I repeat, this is not perfect good or perfect bad. When a 12-year-old boy becomes a murderer and then does horrible things, for me he is also a victim of a society that has made him murderer when he’s only 12 years old.
So I think the issue is more complex, that Salvadoran society is very complex.
That leaves us a character like Giovanni , who in a nutshell reveals us in half an hour almost his entire life .
Yes, when we got to jail we asked those who were there who wanted to participate, some answered yes and among them was Giovanni, who not only had an interesting story, but it was important to make known and told a lot about what this Salvadoran society is.
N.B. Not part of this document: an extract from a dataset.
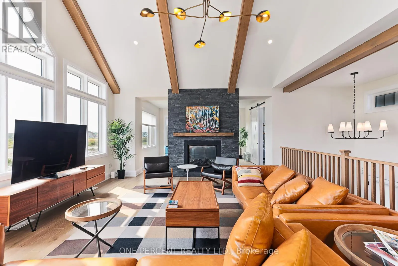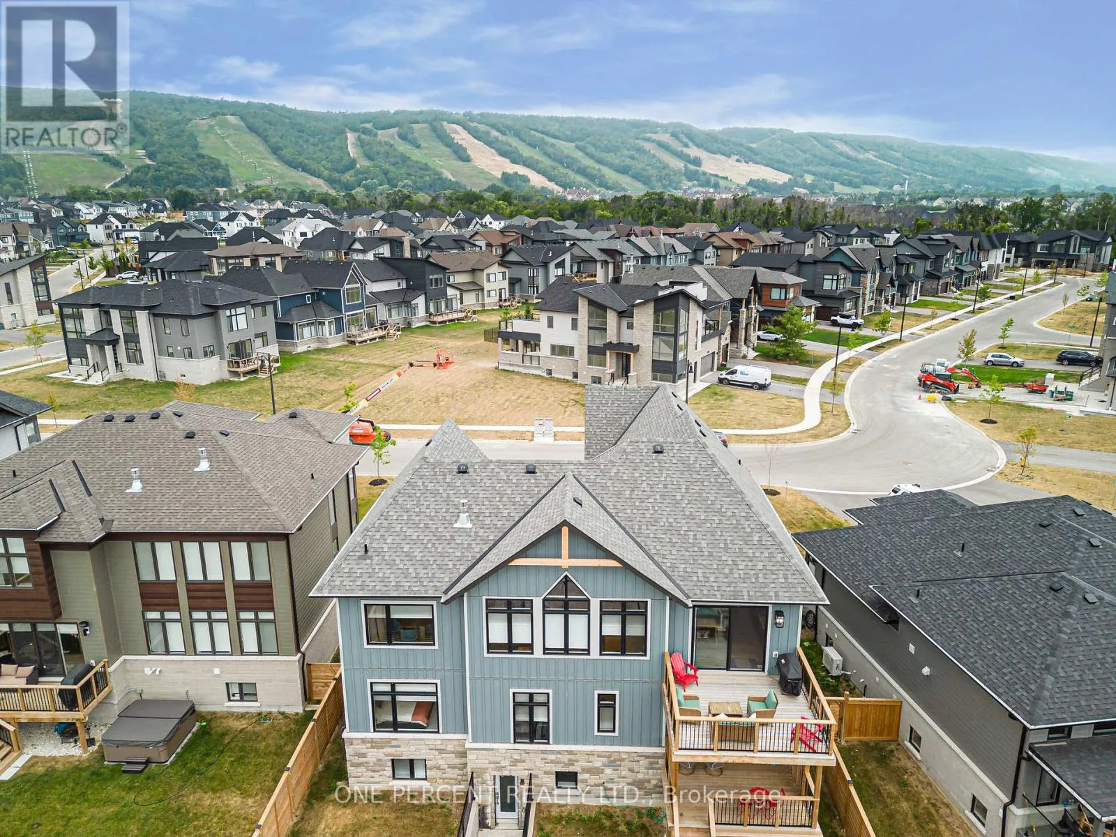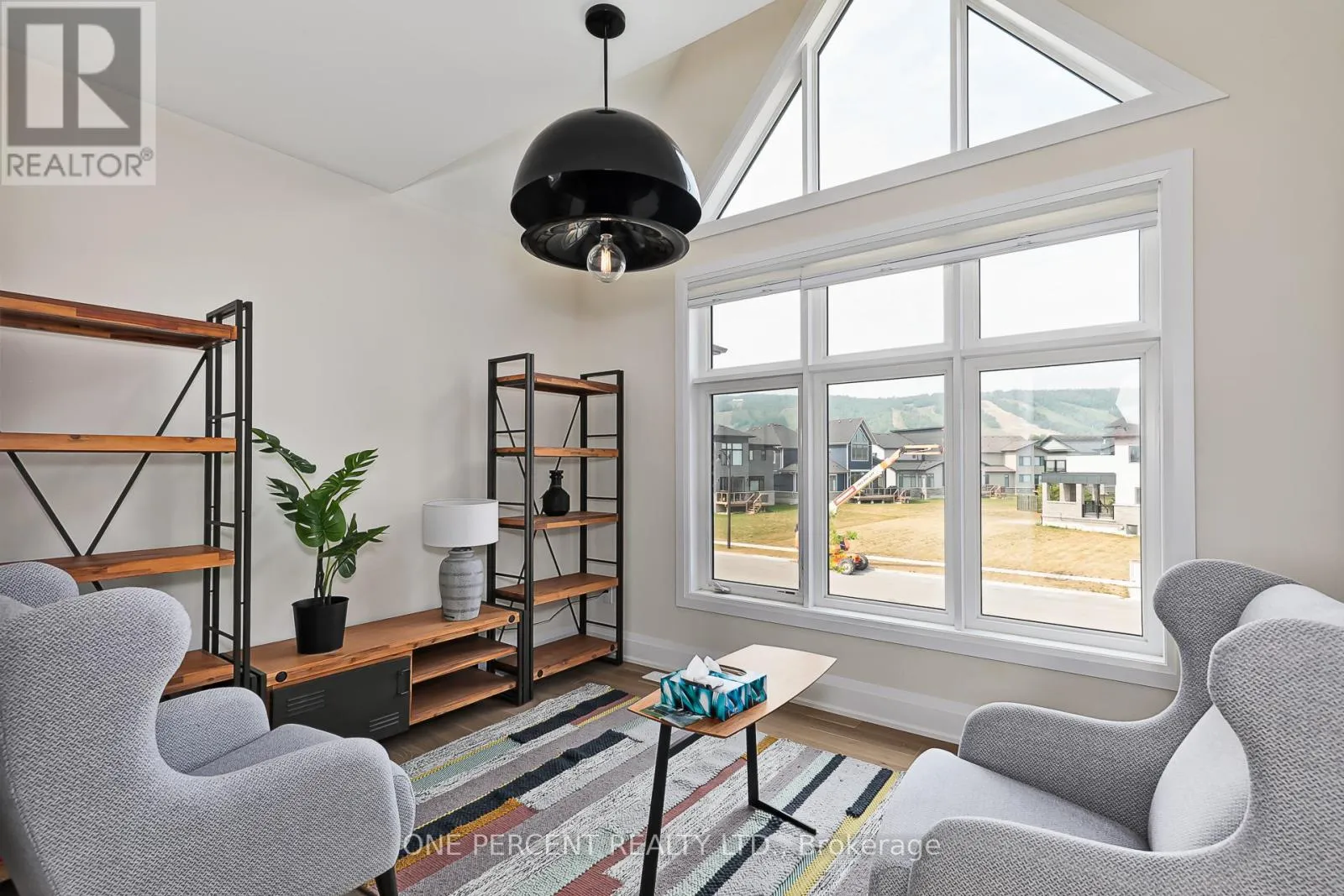 Stoneleigh and Cattail Welcome to 114 Cattail Crescent, a 4,558 sqft mountain house, boasting elegant architectural upgrades, unique stone, fibre cement, and wood grain siding, along with ornamental wood details. A 50-foot wide, side-facing garage creates an impressive street presence, with plenty of parking.This layout features a primary living space (1,883 sqft) on the second floor, additional primary living space on the first floor (1,548 sqft), plus a fully finished walkout basement (1,127sqft). The open second floor, with high ceilings and windows, offers impressive views and features a large deck, custom kitchen, servery, eating area, faux beam covered lodge room, formal dining room, and den, divided by a slate-clad floor-to-ceiling gas fireplace. The expansive owners suite includes cathedral ceilings, a private loggia, spacious walk-in closet, and a beautifully decorated ensuite with standalone tub and a large glass shower enclosure. The main level entrance leads to the main floor with a large bar/kitchen, a family room with a deck, backyard access and beautifully decorated rooms with custom light fixtures. There are also three good-sized bedrooms and two full bathrooms on this level. A separate side door and a garage entrance, leads to a spacious storage room and laundry room. The self-contained basement with glass door walkout, offers a large open space, wet bar, two bedrooms with egress windows, and a full bathroom.The house is beautifully located within a short walking distance to Blue Mountain Village and a complimentary shuttle to many amenities, including the private Blue Mountain Beach. This professionally decorated house with great street presence and exceptional floor plan includes all light fixtures and furniture. (id:27476)

In addition, he had a couple relationship with someone who was in the same cell and there were certain conflicts between them that seemed to us were going to give another point of view to the documentary. That’s why we decided he was the central character.
With Giovanni I confirmed this that I told you: that human being is very complex. That it is very easy to judge from the prejudice that we each have, but that, if you know each other’s stories much more, you realize that everything is much more complicated.
And that led us to have very intense debates during production and editing, because we didn’t want to romanticize the image of the gang. Not only to show that because he was homosexual he was being a victim, but to prove that he was also a murderer and had done terrible things.
For me, too, it was a conflict almost to ask myself: “What do I feel about these people?”, because in a moment they tell you some horrible things, with absolute coldness, and then there are moments of tenderness and love between them. And that’s why I decided that I didn’t have to say what I feel about them, but try to convey this reality that we are in this little cell and that the public draw their own conclusions.

There is a very powerful religious element within this story. How often are they found within the exploration of production?
The religious theme goes into this quest to try to make sense of that phrase Geovany told us, which for him it was easier to kill than to love a person of the same sex.
Well there we found different aspects of Salvadoran society that we had to portray. And one of them was the Church, or, rather, the Church’s position on this subject, which was very important for the main character because in the prison where he is there are two Churches that are struggling for control of the place.
Added to this is the gang’s stance on gays. And the state’s position on this issue, which we can see with the scientific test (a kind of personality test) that they do to the protagonist.
And there are also the individual contradictions, what is meant to them being gay in this society and that microworld in which they live
But about prison there is something interesting to say: two years ago, most of the prisoners who were there left the gang and converted to a Christian Church. And in the documentary we can see that this is part of the daily lives of inmates.


With a special ingredient: those who gave up the gangs were enemies to death and once they stopped belonging to those groups they became brothers of religion. And so, there is this small group of expanders, now converted to Christianity, who openly say they are gay. Very complex, as I was saying.
And it is also clear that prisons in El Salvador are not intended places for reintegration, but for punishment.
Production effort is noted. Do you have any kind of support or help to film in El Salvador?
No. It is a country that does not have a film industry, that has no film law, there is no film fund. Television does not invest in making film projects. There is no training.
It’s really a background race, where those who really want to make movies die to do it, because we care that stories are told, but where it is very difficult to achieve it.